Data vênia, o ministro do STF e presidente do TSE, Gilmar Mendes, daria uma péssima "mulher de César", aquela que, além de ser honesta, tinha que parecer honesta.

Não há como engolir em seco o episódio em que viajou a Portugal no avião oficial da presidência, ao lado do golpista Michel Temer, que seguia para as homenagens fúnebres ao ex-primeiro ministro português Mario Soares, para as quais Gilmar não foi convidado.

Ele não tinha nada a fazer em Portugal, do que se conclui que a sua viagem não foi caso de carona e sim uma oportunidade para uma longa conversa a sós com seu companheiro de golpe.

Não há lugar mais seguro e mais conveniente, longe de testemunhas e de grampos do que um avião presidencial. Ou seja: ele acompanhou Temer com o único propósito de lhe informar o andamento do processo que pode resultar na cassação de seu mandato e, possivelmente, o orientou a esse respeito.

É claro que nem eu nem ninguém sabe o que eles conversaram exatamente, mas somente um idiota acreditaria na versão de que em dez horas de viagem eles não tocaram no assunto mais importante para Temer no momento.

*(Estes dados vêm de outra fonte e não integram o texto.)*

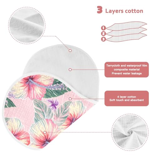 Hibiscus Leaves Sweet Pink Burp Cloths for Babies Burp Rag Cotton Spit Up Rag for Babies Newborn 4

Há de se levar em conta que Gilmar nunca teve postura isenta, que deveria ter como juiz, no episódio que resultou no impeachment de Dilma. A sua interferência no processo foi decisiva, já que foi quem, por meio de uma inédita, absurda e descabida liminar impediu que Dilma nomeasse Lula seu ministro-chefe da Casa Civil. Uma decisão sem precedentes na nossa história republicana.

E uma interferência que rasgou a constituição que ele, como ministro do STF, tinha que ser o primeiro a defender, pois ela determina que os poderes devem ser independentes e impede que um interfira no outro.

Se quiser afastar a ideia de que seu julgamento do processo de impeachment será imparcial, ele tem que pedir carona no avião de Lula numa das viagens pelo Brasil que ele fará este ano.

* Este é um artigo de opinião, de responsabilidade do autor, e não reflete a opinião do Brasil 247.